The third Sunday of Advent is also known as Gaudete Sunday in Western Christianity, designated by a pink candle in the Advent wreath. Marie Kondo became an international cultural icon with her “KonMari Method” of tidying and her trademark advice, “Choose what sparks joy!

What does “joy” mean for you? For example, good health, family and friends, inner confidence and peace, gratitude for all that we have, anything that helps us to look forward to the future.

In what aspects of your personal and professional lives is “joy” a key criterion for determining what you will choose to hang on to or let go? [e.g., in committed relationships, in professional interactions, in where we choose to live and work]

Children’s Message

Luke 3:15-16 is about a man named John the Baptist. John baptized people who were sorry for their sins, or mistakes. John told the people to turn away from those sins and to be baptized.

Everyone was waiting for the coming Messiah. They were expecting something to happen. People were wondering in their hearts if John might be the one whom God had sent. John came before Jesus and prepared people for him. He knew Jesus was the Savior of the world and told everyone they needed to follow Jesus. He had been telling people for a long time that Jesus was coming and when he did arrive, he would baptize them with the power of the Holy Spirit.
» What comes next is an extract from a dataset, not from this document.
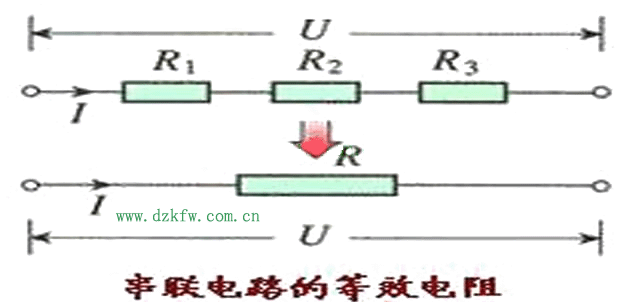 两个或两个以上的电阻按头尾相接的顺序一个接一个地连接起来,使电流中有一条回路,电阻的这种连接方式称为电阻的串联。
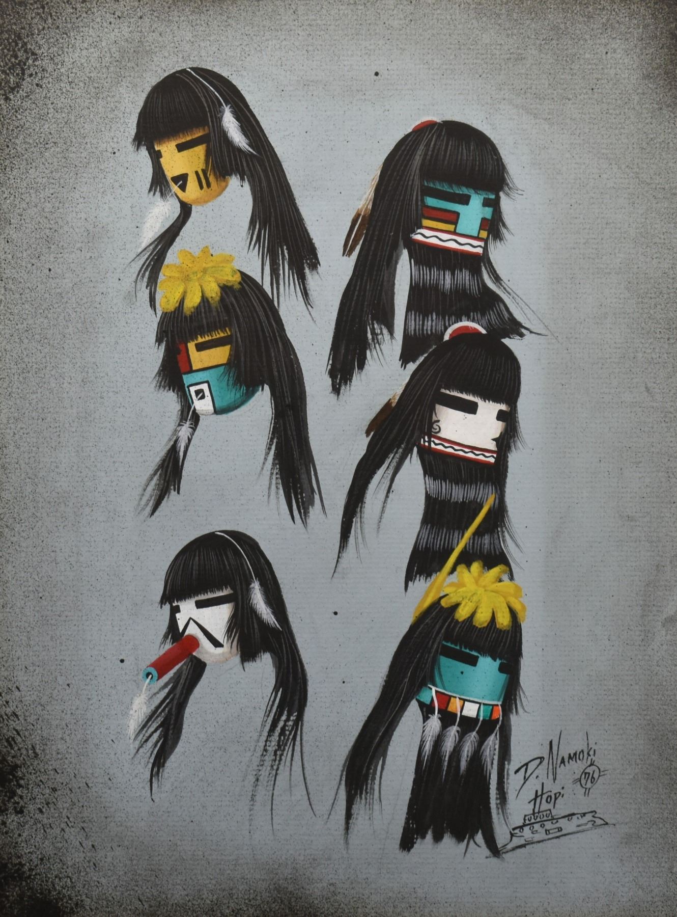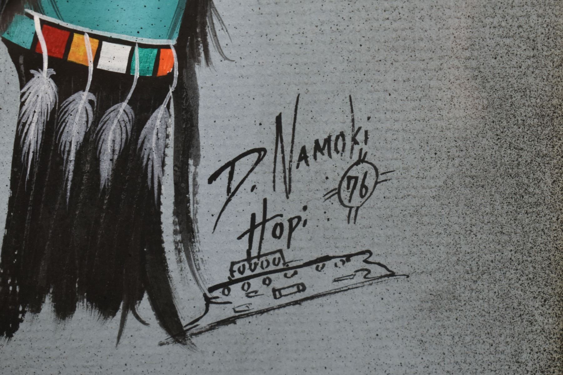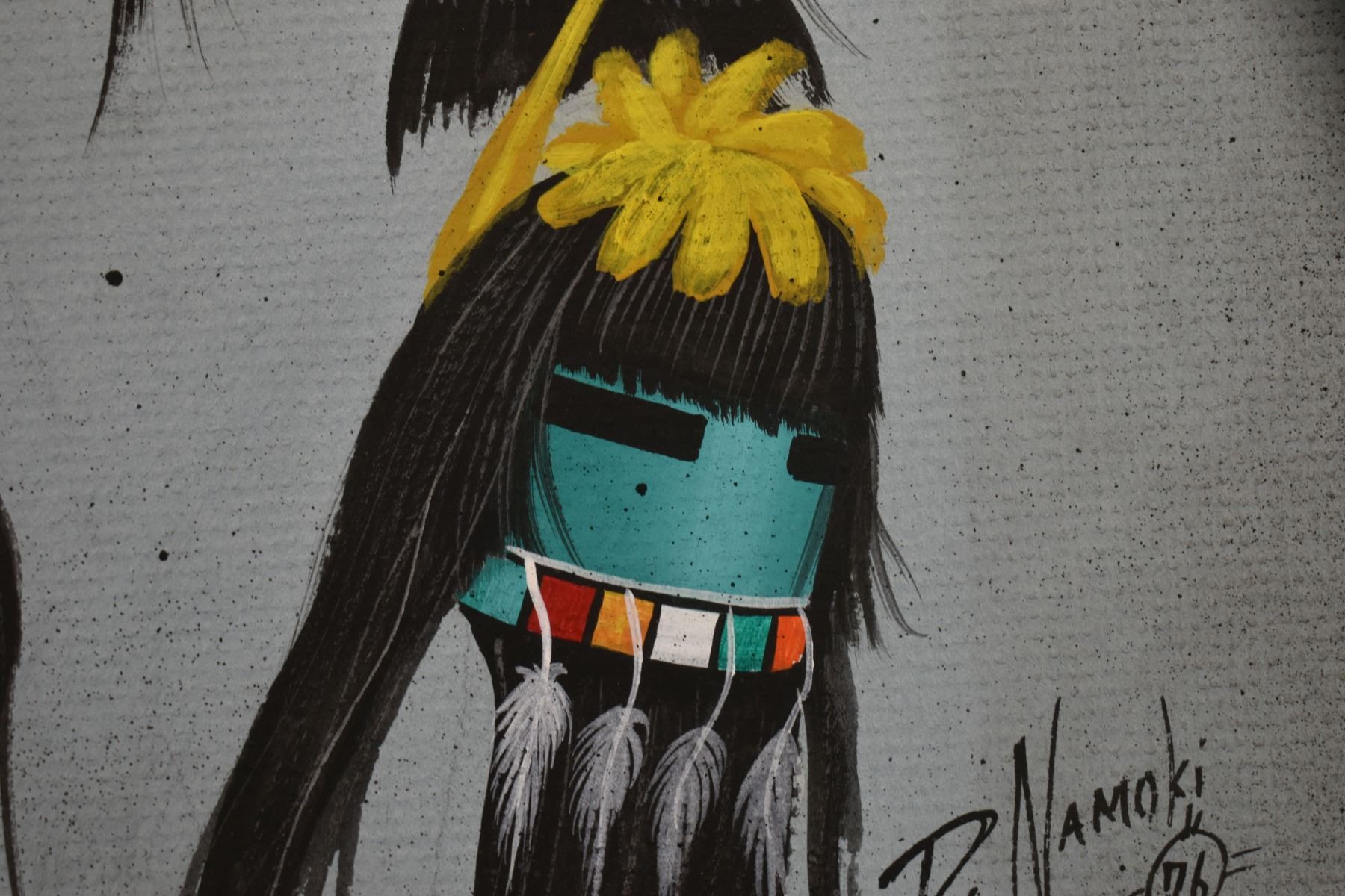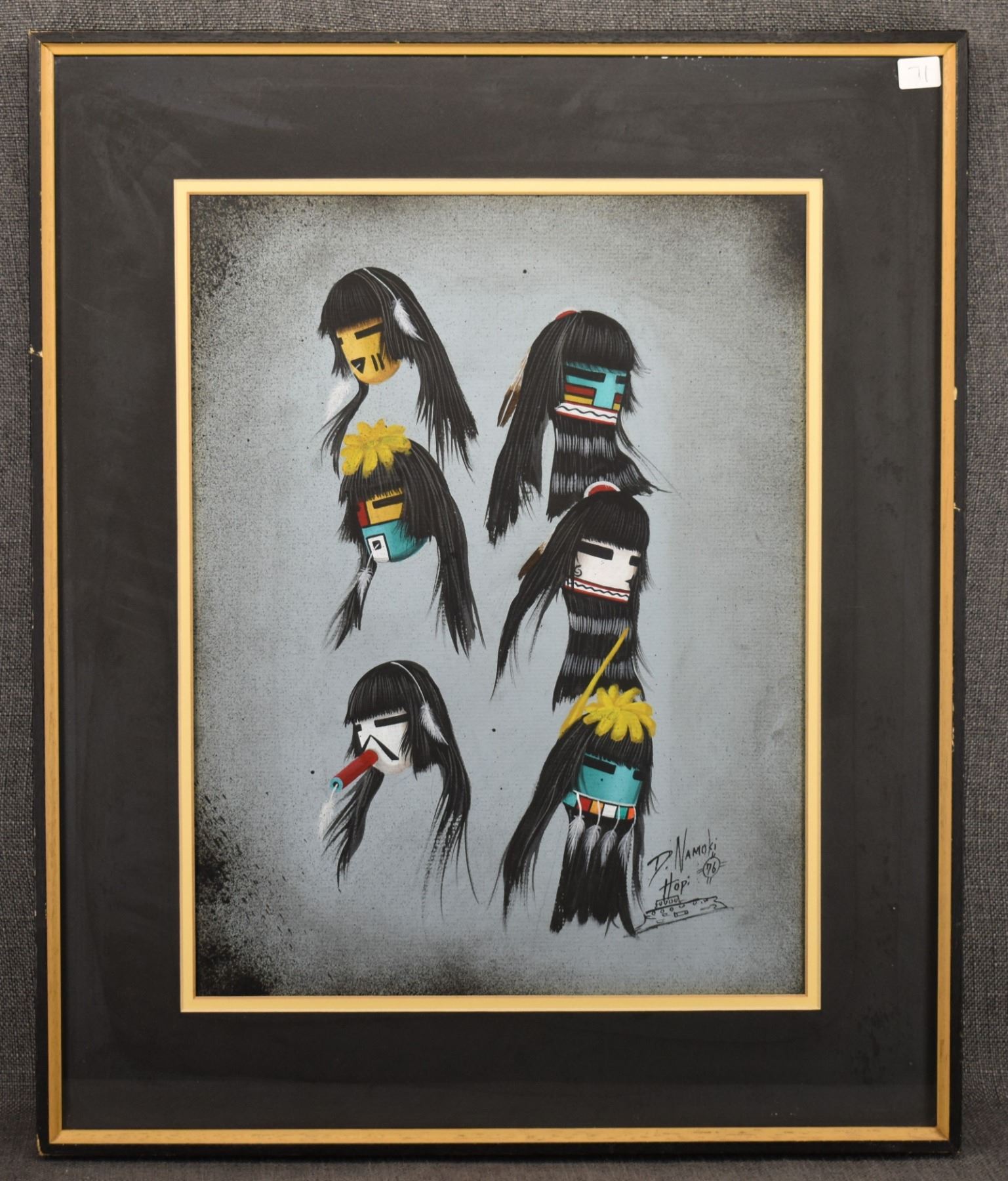 1976 Hopi. Original on paper depicting long hair kachinas. Signed D. Namoki. 17'' x 13'' frame size 24'' x 20''

And do you know that when Jesus did arrive, he asked John to baptize him? Did Jesus baptize John instead? John felt unworthy, but he did what Jesus asked. After Jesus was baptized, the voice of God said, “This is the son that I love. I am pleased with him. I love him.”

(Hold up a heart-shaped cookie cutter.) You may think that a heart-shaped cookie might be better for a holiday other than Christmas, but just as John the Baptist encouraged those being baptized to live a life of love, we who have experienced God’s love can also display God’s love toward others.

Prayer

We light the Advent candle of joy as a sign of our commitment to be present to ourselves, our friends, our families and our neighbors that in sharing our vulnerable lives we might share in the glorious joy of God’s salvation together.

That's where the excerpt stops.